Given information:
════════════════════

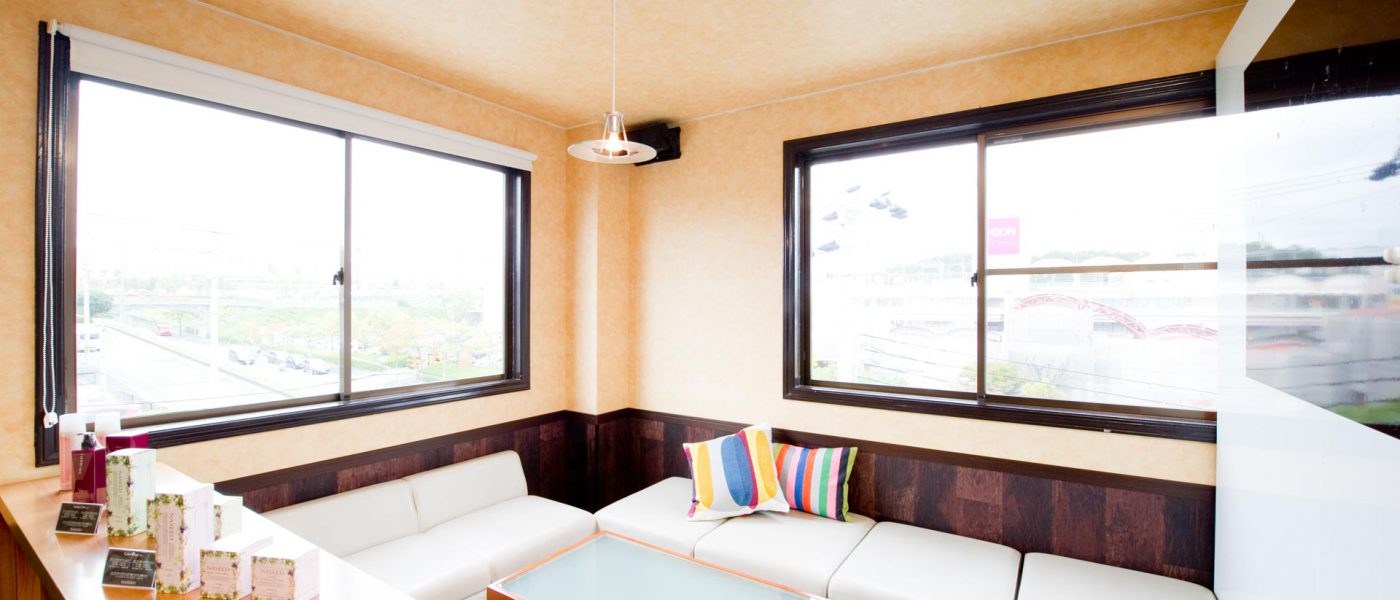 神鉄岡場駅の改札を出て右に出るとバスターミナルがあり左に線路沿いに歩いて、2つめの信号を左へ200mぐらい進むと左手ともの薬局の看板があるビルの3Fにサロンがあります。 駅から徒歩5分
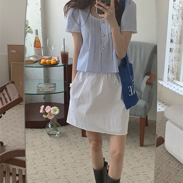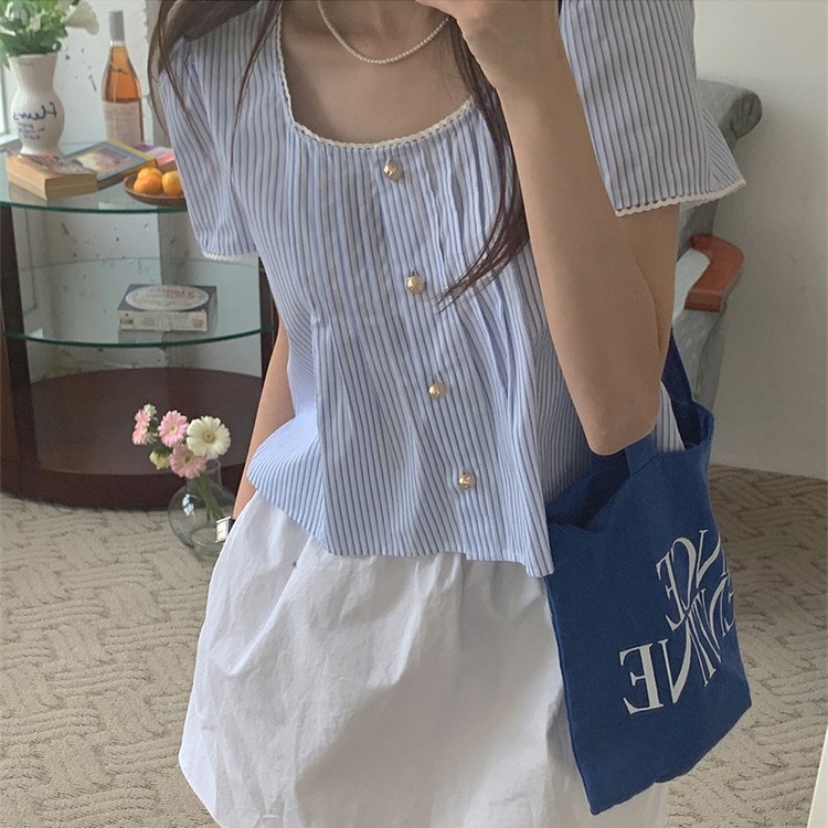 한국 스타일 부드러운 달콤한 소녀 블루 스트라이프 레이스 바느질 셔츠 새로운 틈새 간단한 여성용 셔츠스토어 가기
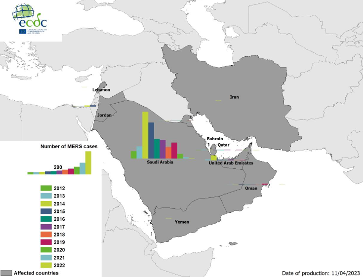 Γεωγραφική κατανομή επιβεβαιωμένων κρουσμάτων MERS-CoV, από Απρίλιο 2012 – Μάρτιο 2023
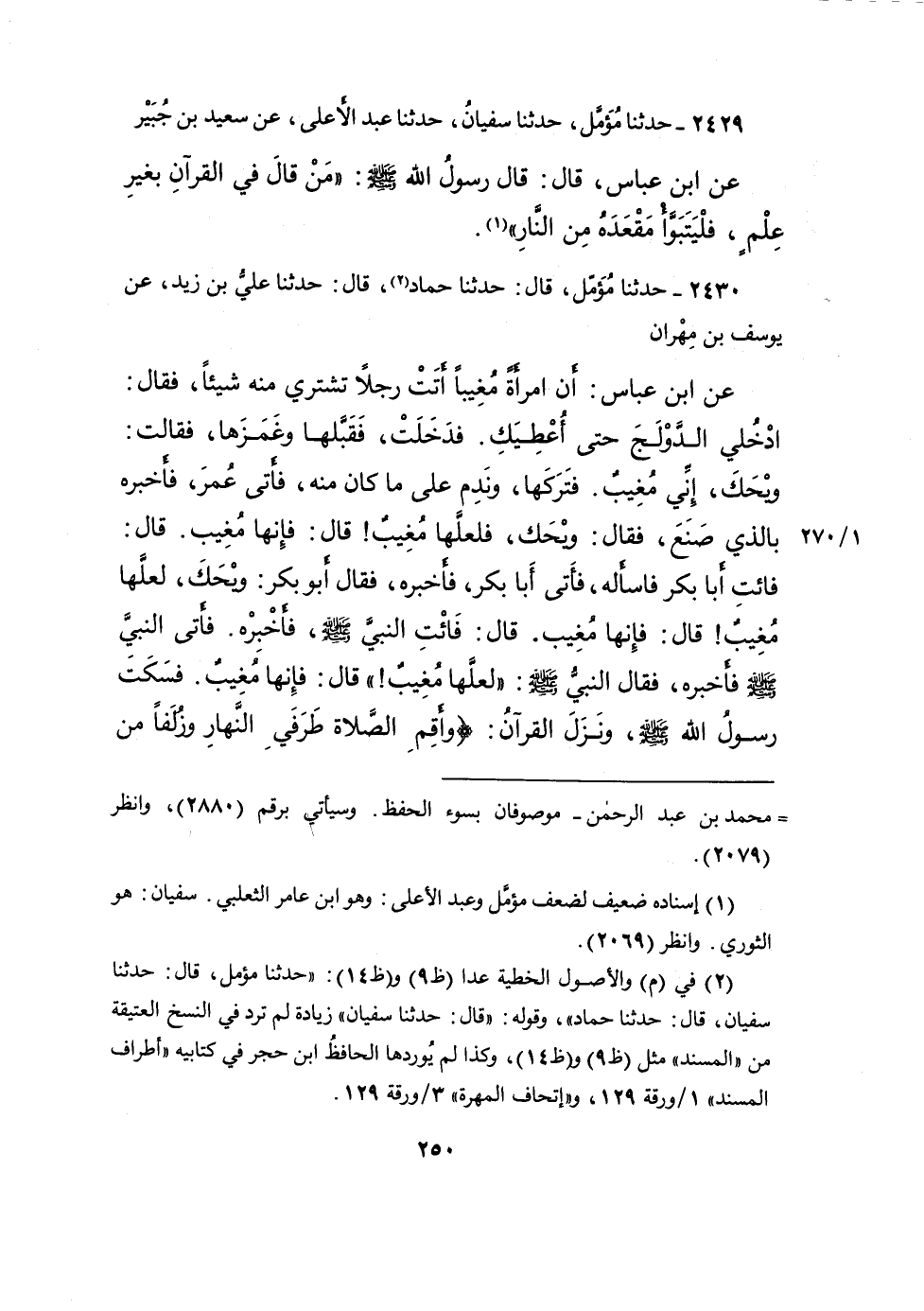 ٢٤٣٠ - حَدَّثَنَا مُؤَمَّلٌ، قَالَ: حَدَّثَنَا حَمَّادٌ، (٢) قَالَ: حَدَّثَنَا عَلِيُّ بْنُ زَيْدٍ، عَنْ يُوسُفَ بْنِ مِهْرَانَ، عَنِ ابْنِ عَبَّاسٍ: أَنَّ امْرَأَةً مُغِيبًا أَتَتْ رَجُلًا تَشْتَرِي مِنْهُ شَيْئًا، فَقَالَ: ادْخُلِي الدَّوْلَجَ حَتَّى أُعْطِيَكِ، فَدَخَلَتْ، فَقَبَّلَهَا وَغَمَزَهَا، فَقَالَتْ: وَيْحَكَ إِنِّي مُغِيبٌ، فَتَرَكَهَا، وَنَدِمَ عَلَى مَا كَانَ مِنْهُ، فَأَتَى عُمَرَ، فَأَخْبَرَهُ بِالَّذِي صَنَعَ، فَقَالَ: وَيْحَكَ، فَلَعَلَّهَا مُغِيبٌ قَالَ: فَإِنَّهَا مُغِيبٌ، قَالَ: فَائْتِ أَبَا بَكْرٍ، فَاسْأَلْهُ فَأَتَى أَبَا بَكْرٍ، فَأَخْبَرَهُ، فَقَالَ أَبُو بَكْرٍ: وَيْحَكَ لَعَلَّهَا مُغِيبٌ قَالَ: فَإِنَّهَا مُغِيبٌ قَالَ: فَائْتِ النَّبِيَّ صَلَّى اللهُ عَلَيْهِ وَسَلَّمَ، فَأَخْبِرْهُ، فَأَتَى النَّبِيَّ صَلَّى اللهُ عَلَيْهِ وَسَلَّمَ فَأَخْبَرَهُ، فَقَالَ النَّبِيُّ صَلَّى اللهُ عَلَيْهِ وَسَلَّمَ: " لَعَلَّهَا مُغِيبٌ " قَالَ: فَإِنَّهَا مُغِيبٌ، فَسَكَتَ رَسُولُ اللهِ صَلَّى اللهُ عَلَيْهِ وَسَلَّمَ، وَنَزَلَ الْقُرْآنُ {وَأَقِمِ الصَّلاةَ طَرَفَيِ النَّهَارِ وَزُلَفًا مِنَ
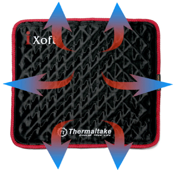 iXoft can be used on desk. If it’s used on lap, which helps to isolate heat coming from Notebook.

════════════════════

What you should do: All lines from the beginning of the material above through the line holding "٢٤٣٠ - حَدَّثَنَا" are to be given again exactly, and no others; pictures do not go in.

Written response:
 神鉄岡場駅の改札を出て右に出るとバスターミナルがあり左に線路沿いに歩いて、2つめの信号を左へ200mぐらい進むと左手ともの薬局の看板があるビルの3Fにサロンがあります。 駅から徒歩5分
 한국 스타일 부드러운 달콤한 소녀 블루 스트라이프 레이스 바느질 셔츠 새로운 틈새 간단한 여성용 셔츠스토어 가기
 Γεωγραφική κατανομή επιβεβαιωμένων κρουσμάτων MERS-CoV, από Απρίλιο 2012 – Μάρτιο 2023
 ٢٤٣٠ - حَدَّثَنَا مُؤَمَّلٌ، قَالَ: حَدَّثَنَا حَمَّادٌ، (٢) قَالَ: حَدَّثَنَا عَلِيُّ بْنُ زَيْدٍ، عَنْ يُوسُفَ بْنِ مِهْرَانَ، عَنِ ابْنِ عَبَّاسٍ: أَنَّ امْرَأَةً مُغِيبًا أَتَتْ رَجُلًا تَشْتَرِي مِنْهُ شَيْئًا، فَقَالَ: ادْخُلِي الدَّوْلَجَ حَتَّى أُعْطِيَكِ، فَدَخَلَتْ، فَقَبَّلَهَا وَغَمَزَهَا، فَقَالَتْ: وَيْحَكَ إِنِّي مُغِيبٌ، فَتَرَكَهَا، وَنَدِمَ عَلَى مَا كَانَ مِنْهُ، فَأَتَى عُمَرَ، فَأَخْبَرَهُ بِالَّذِي صَنَعَ، فَقَالَ: وَيْحَكَ، فَلَعَلَّهَا مُغِيبٌ قَالَ: فَإِنَّهَا مُغِيبٌ، قَالَ: فَائْتِ أَبَا بَكْرٍ، فَاسْأَلْهُ فَأَتَى أَبَا بَكْرٍ، فَأَخْبَرَهُ، فَقَالَ أَبُو بَكْرٍ: وَيْحَكَ لَعَلَّهَا مُغِيبٌ قَالَ: فَإِنَّهَا مُغِيبٌ قَالَ: فَائْتِ النَّبِيَّ صَلَّى اللهُ عَلَيْهِ وَسَلَّمَ، فَأَخْبِرْهُ، فَأَتَى النَّبِيَّ صَلَّى اللهُ عَلَيْهِ وَسَلَّمَ فَأَخْبَرَهُ، فَقَالَ النَّبِيُّ صَلَّى اللهُ عَلَيْهِ وَسَلَّمَ: " لَعَلَّهَا مُغِيبٌ " قَالَ: فَإِنَّهَا مُغِيبٌ، فَسَكَتَ رَسُولُ اللهِ صَلَّى اللهُ عَلَيْهِ وَسَلَّمَ، وَنَزَلَ الْقُرْآنُ {وَأَقِمِ الصَّلاةَ طَرَفَيِ النَّهَارِ وَزُلَفًا مِنَ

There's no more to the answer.